• Work order:
Would you reproduce the data below exactly, please, leaving out its images?

• Records provided:

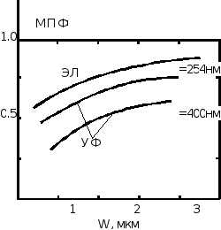 МПФ контактной печати очень высока (0.8), и при использовании соответствующего контактного шаблона или двухслойных резистов могут быть получены изображения размером вплоть до 0.1 мкм. При использовании ДУФ-излучения метод печати с зазором позволяет получать в ПММА рисунки с шириной лини 1 мкм. Если зазор Z между шаблоном и пластиной превышает френелевский предел (5%-ный допуск для интенсивности и 20%-ный допуск для ширины линии), предельное разрешение W составляет 1-2 мкм для зазора 5-10 мкм:
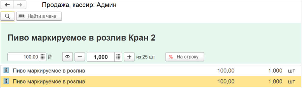 Для оформления розничной продажи используется номенклатура, учитывающаяся в литрах с признаком «В розлив». Подбирать товар можно вручную или сканированием штрихкода ean, при этом кассиру потребуется уточнить продаваемое количество. Справа от количества будет отображаться объем тары.
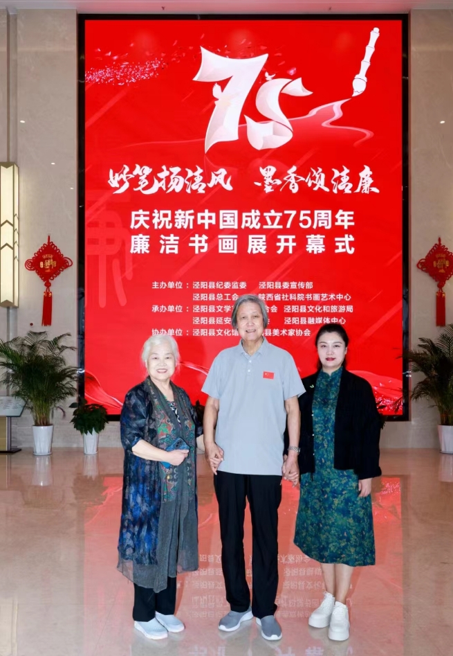 ▲涇陽(yáng)籍著名書(shū)法家張鴻鈞(中)攜夫人史惠芳(畫(huà)家)、女兒張雨菲(書(shū)法家)應(yīng)邀參加啟動(dòng)儀式。
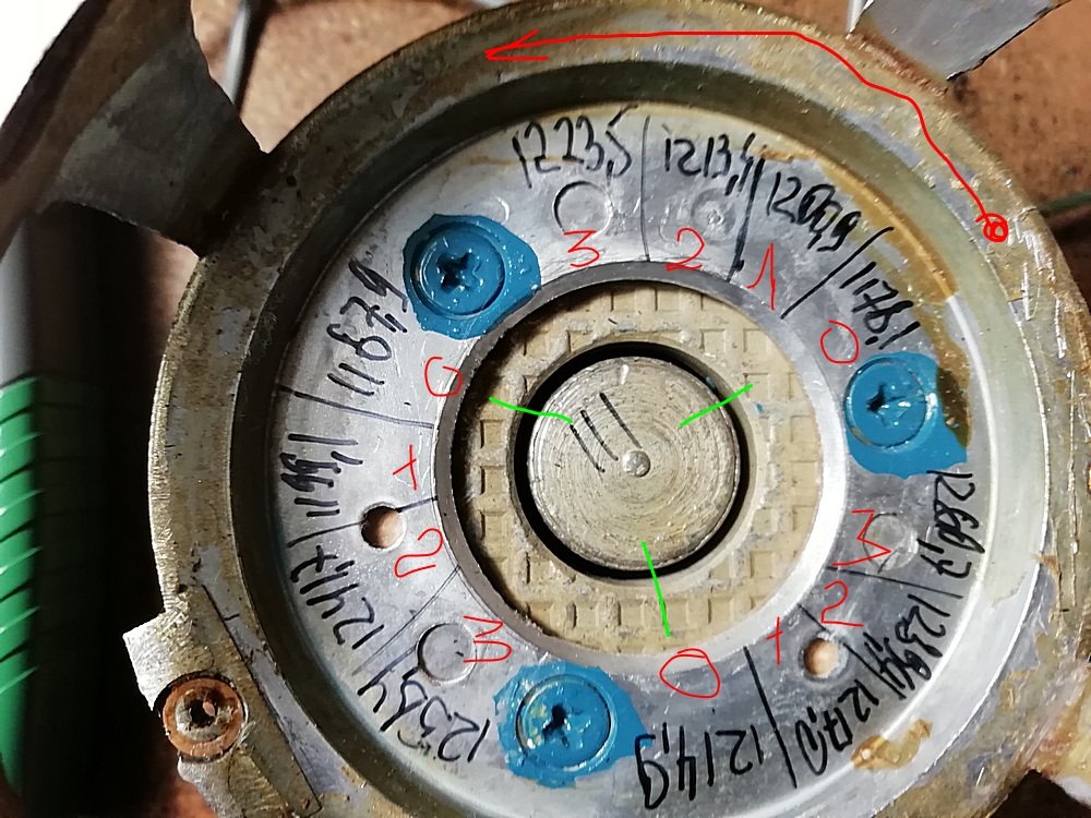 Индукцию измерял в трёх точках. Ориентиром служили крепёжные болты. Щуп платой скользил по поверхности керна, датчик повёрнут в сторону магнита. Головки пронумеровал: № I, № II, № III, № 0.
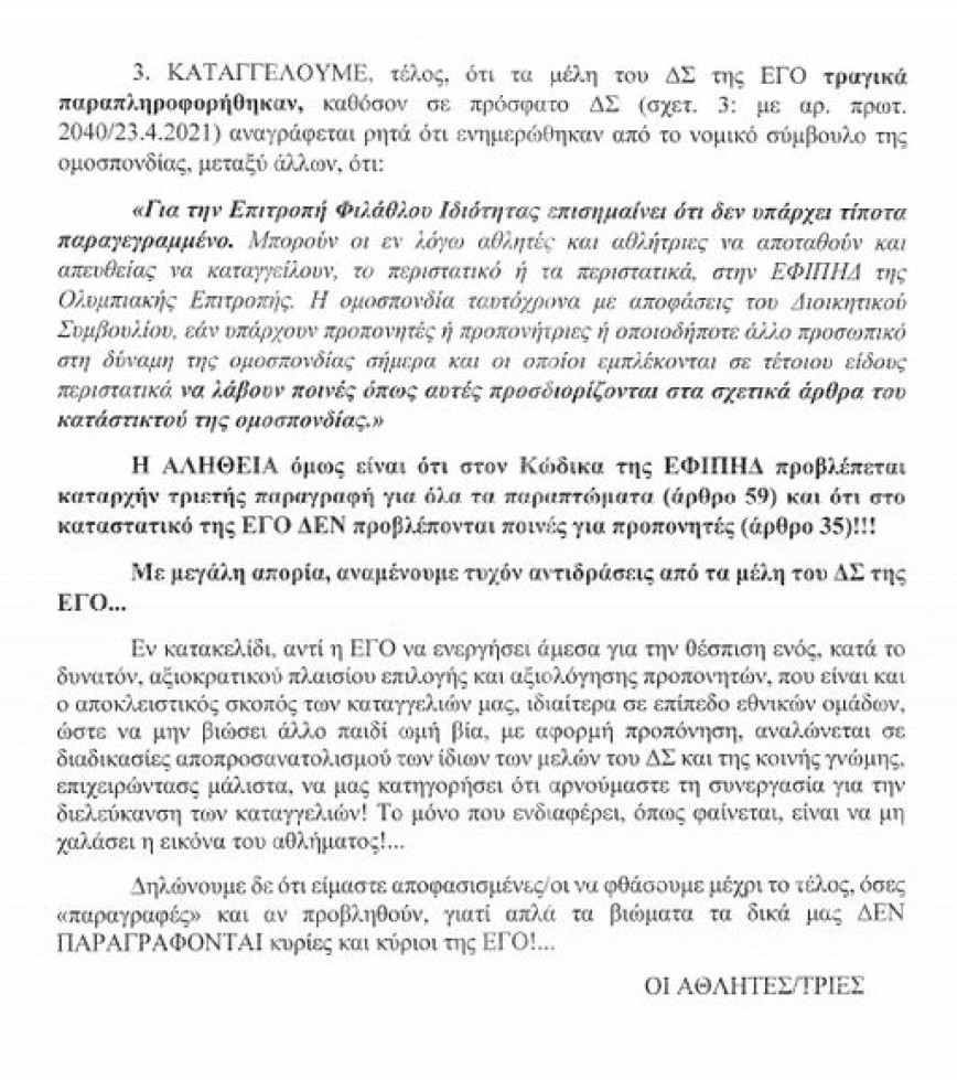 Συνέπεια αυτής της ανακοίνωσης της ΕΓΟ, ήταν να βγάλουν τώρα μία και 35 αθλητές και αθλήτριες, κατηγορώντας τη διοίκηση της ομοσπονδίας και προναγγέλοντας ότι θα τραβήξουν το θέμα ως το τέλος, όσες παραγραφές κι αν προβληθούν.
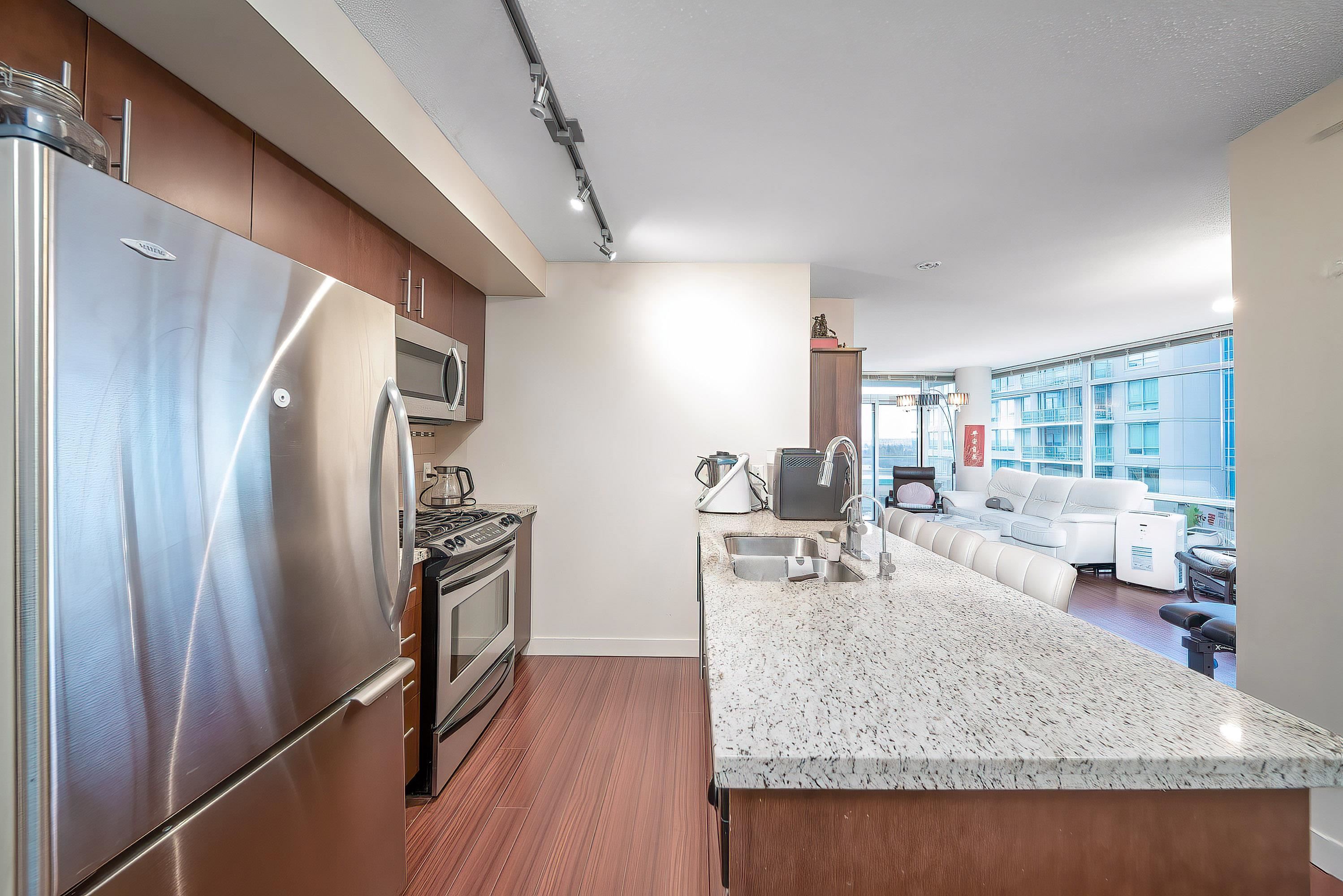 Welcome to Versante- a well-maintained concrete high-rise: steps from Lansdowne Centre, Canada Line, T&T, restaurants, and Kwantlen University. Great central Richmond location! This bright 3-bedroom, 2-bath corner unit features a functional layout, modern kitchen with stainless steel appliances and quartz countertops, and a North East-facing balcony with open city views. Amenities include a fitness center, clubhouse with kitchen and meeting area, guest suite, kids’ playground, and rooftop garden. 2 parking...
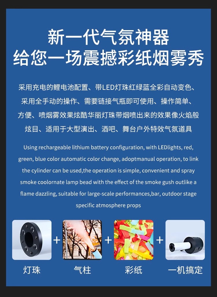 이첸 LED 컬러 종이 공기 칼럼 총 바 단계 휴대용 CO2 건조 얼음 총 대기 소품 이산화탄소 연기 기둥 종이
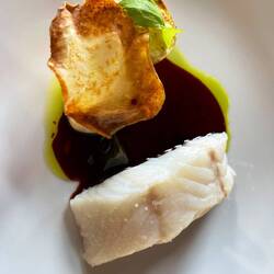 Fisch des Tages mit einer Deklination rund um den Sellerie und säuerlicher brauner Jus mit Rotwein.
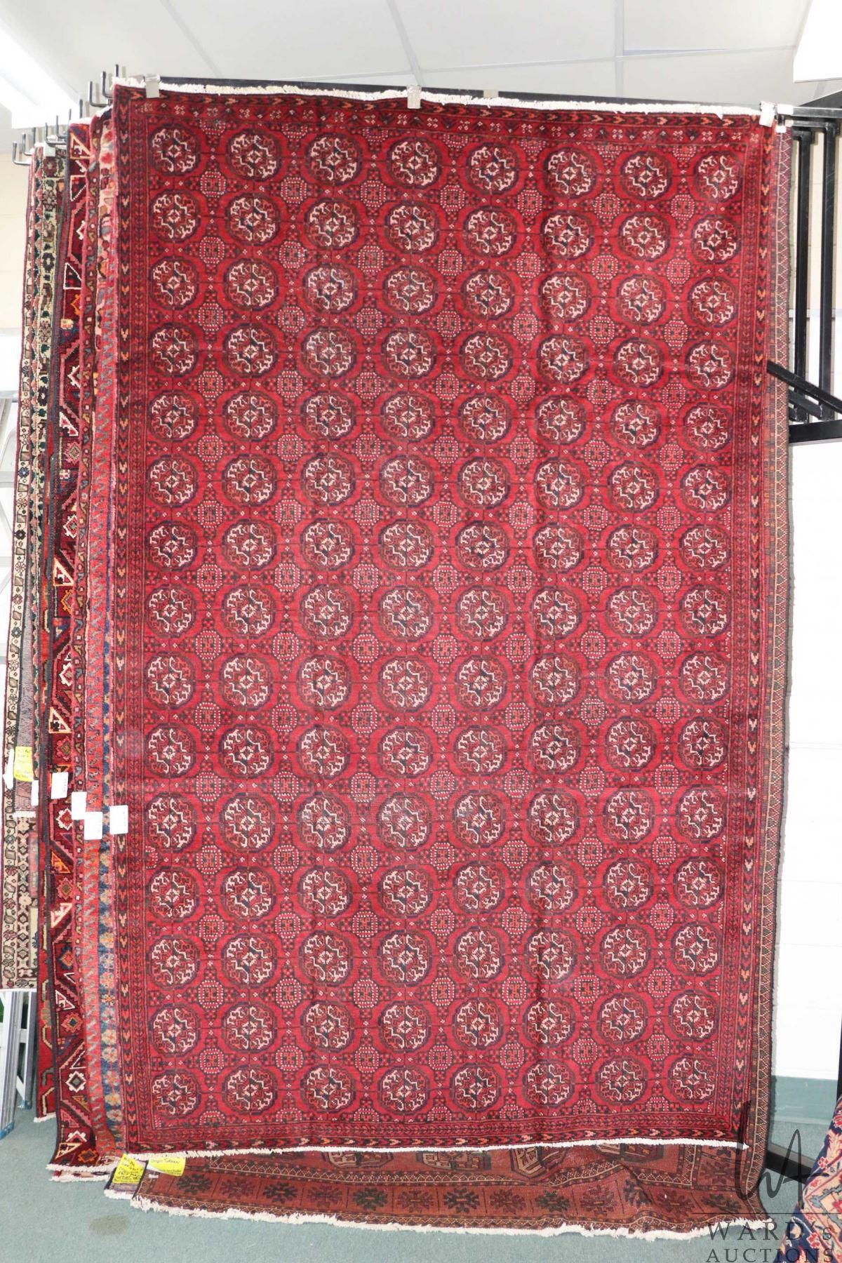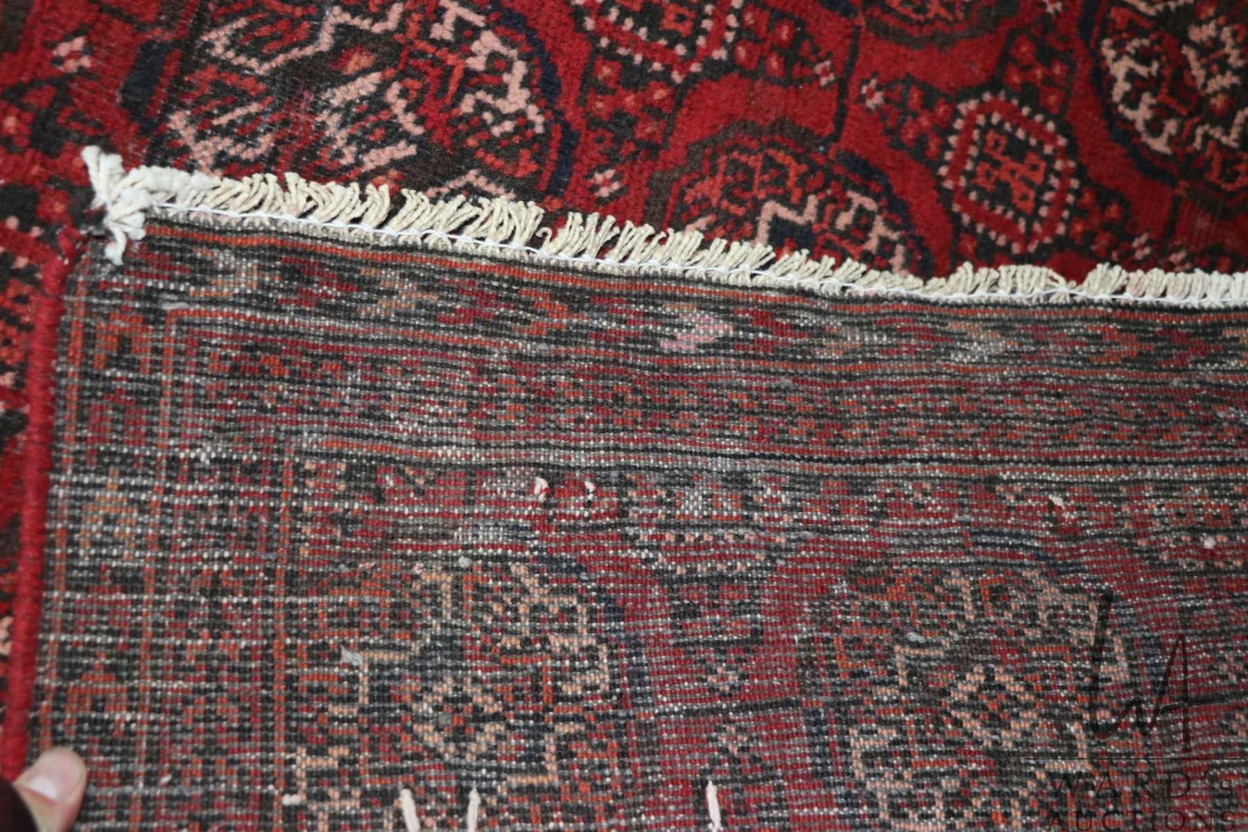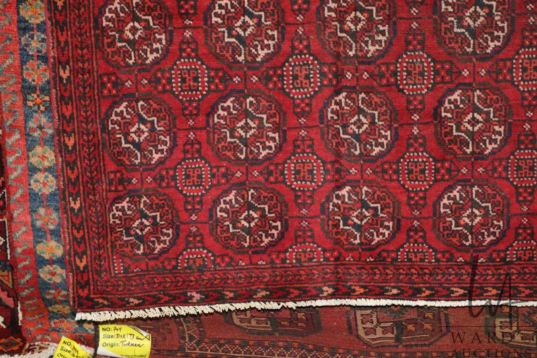 100% handmade Iranian wool carpet "Turkman" with overall geometric design, red background and highlights of black and cream etc. 67" X 109"

• Task answer:
 МПФ контактной печати очень высока (0.8), и при использовании соответствующего контактного шаблона или двухслойных резистов могут быть получены изображения размером вплоть до 0.1 мкм. При использовании ДУФ-излучения метод печати с зазором позволяет получать в ПММА рисунки с шириной лини 1 мкм. Если зазор Z между шаблоном и пластиной превышает френелевский предел (5%-ный допуск для интенсивности и 20%-ный допуск для ширины линии), предельное разрешение W составляет 1-2 мкм для зазора 5-10 мкм:
 Для оформления розничной продажи используется номенклатура, учитывающаяся в литрах с признаком «В розлив». Подбирать товар можно вручную или сканированием штрихкода ean, при этом кассиру потребуется уточнить продаваемое количество. Справа от количества будет отображаться объем тары.
 ▲涇陽(yáng)籍著名書(shū)法家張鴻鈞(中)攜夫人史惠芳(畫(huà)家)、女兒張雨菲(書(shū)法家)應(yīng)邀參加啟動(dòng)儀式。
 Индукцию измерял в трёх точках. Ориентиром служили крепёжные болты. Щуп платой скользил по поверхности керна, датчик повёрнут в сторону магнита. Головки пронумеровал: № I, № II, № III, № 0.
 Συνέπεια αυτής της ανακοίνωσης της ΕΓΟ, ήταν να βγάλουν τώρα μία και 35 αθλητές και αθλήτριες, κατηγορώντας τη διοίκηση της ομοσπονδίας και προναγγέλοντας ότι θα τραβήξουν το θέμα ως το τέλος, όσες παραγραφές κι αν προβληθούν.
 Welcome to Versante- a well-maintained concrete high-rise: steps from Lansdowne Centre, Canada Line, T&T, restaurants, and Kwantlen University. Great central Richmond location! This bright 3-bedroom, 2-bath corner unit features a functional layout, modern kitchen with stainless steel appliances and quartz countertops, and a North East-facing balcony with open city views. Amenities include a fitness center, clubhouse with kitchen and meeting area, guest suite, kids’ playground, and rooftop garden. 2 parking...
 이첸 LED 컬러 종이 공기 칼럼 총 바 단계 휴대용 CO2 건조 얼음 총 대기 소품 이산화탄소 연기 기둥 종이
 Fisch des Tages mit einer Deklination rund um den Sellerie und säuerlicher brauner Jus mit Rotwein.
 100% handmade Iranian wool carpet "Turkman" with overall geometric design, red background and highlights of black and cream etc. 67" X 109"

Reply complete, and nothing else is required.